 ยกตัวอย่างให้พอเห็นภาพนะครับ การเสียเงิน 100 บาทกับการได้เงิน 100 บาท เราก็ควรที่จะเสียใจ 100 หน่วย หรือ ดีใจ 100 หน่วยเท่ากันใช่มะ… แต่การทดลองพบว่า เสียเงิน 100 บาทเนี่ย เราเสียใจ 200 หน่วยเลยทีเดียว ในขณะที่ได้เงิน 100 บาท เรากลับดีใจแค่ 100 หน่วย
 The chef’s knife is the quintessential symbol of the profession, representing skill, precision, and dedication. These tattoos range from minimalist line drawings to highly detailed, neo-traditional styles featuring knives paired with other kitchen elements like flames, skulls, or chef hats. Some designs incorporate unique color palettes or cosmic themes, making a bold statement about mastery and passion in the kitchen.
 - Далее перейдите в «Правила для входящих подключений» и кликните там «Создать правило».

...

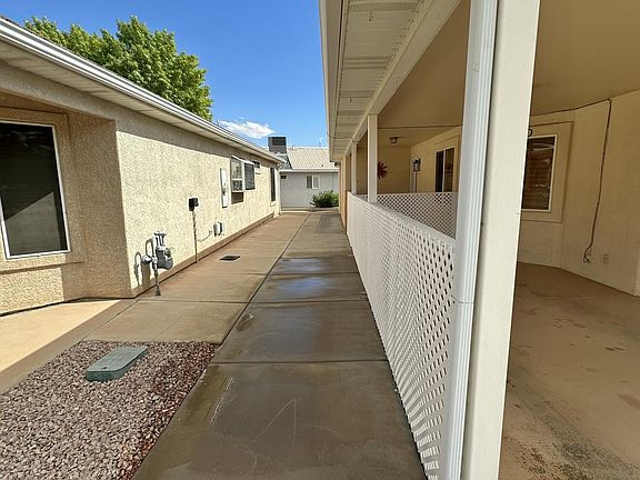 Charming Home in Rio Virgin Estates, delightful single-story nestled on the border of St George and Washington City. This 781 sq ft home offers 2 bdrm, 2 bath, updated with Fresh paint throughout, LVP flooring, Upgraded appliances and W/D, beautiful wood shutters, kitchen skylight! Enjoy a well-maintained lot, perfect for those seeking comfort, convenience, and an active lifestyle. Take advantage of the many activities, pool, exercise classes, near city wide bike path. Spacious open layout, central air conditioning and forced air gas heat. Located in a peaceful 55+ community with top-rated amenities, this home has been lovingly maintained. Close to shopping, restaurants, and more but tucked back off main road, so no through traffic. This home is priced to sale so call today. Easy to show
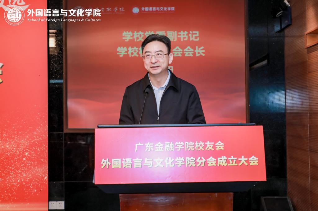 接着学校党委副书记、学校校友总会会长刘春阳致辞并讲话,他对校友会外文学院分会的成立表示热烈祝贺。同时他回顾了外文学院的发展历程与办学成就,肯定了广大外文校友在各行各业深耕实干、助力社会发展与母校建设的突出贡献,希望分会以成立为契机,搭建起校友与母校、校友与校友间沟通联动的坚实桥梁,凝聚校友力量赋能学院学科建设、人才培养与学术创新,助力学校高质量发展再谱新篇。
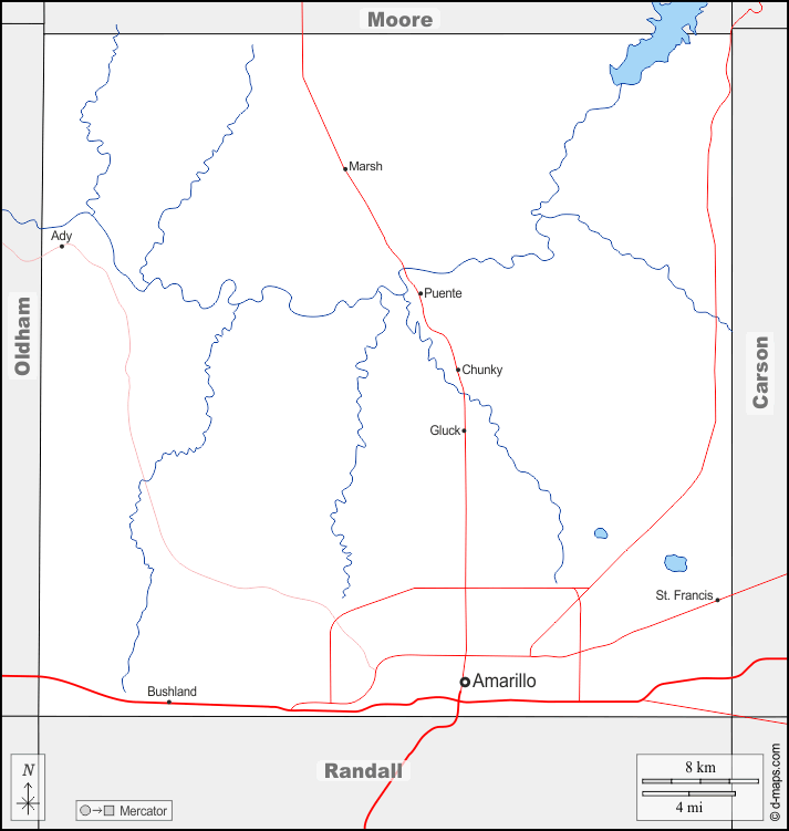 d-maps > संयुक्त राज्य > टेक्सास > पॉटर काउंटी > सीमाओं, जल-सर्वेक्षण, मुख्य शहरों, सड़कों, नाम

* _EXERCISE AIM_
From the records above, reproduce exactly the lines from the one with "ยกตัวอย่างให้พอเห็นภาพนะครับ การเสียเงิน 100" to the one with "- Далее перейдите", both included, and no others.

* _ANSWER TO THIS PROBLEM_
 ยกตัวอย่างให้พอเห็นภาพนะครับ การเสียเงิน 100 บาทกับการได้เงิน 100 บาท เราก็ควรที่จะเสียใจ 100 หน่วย หรือ ดีใจ 100 หน่วยเท่ากันใช่มะ… แต่การทดลองพบว่า เสียเงิน 100 บาทเนี่ย เราเสียใจ 200 หน่วยเลยทีเดียว ในขณะที่ได้เงิน 100 บาท เรากลับดีใจแค่ 100 หน่วย
 The chef’s knife is the quintessential symbol of the profession, representing skill, precision, and dedication. These tattoos range from minimalist line drawings to highly detailed, neo-traditional styles featuring knives paired with other kitchen elements like flames, skulls, or chef hats. Some designs incorporate unique color palettes or cosmic themes, making a bold statement about mastery and passion in the kitchen.
 - Далее перейдите в «Правила для входящих подключений» и кликните там «Создать правило».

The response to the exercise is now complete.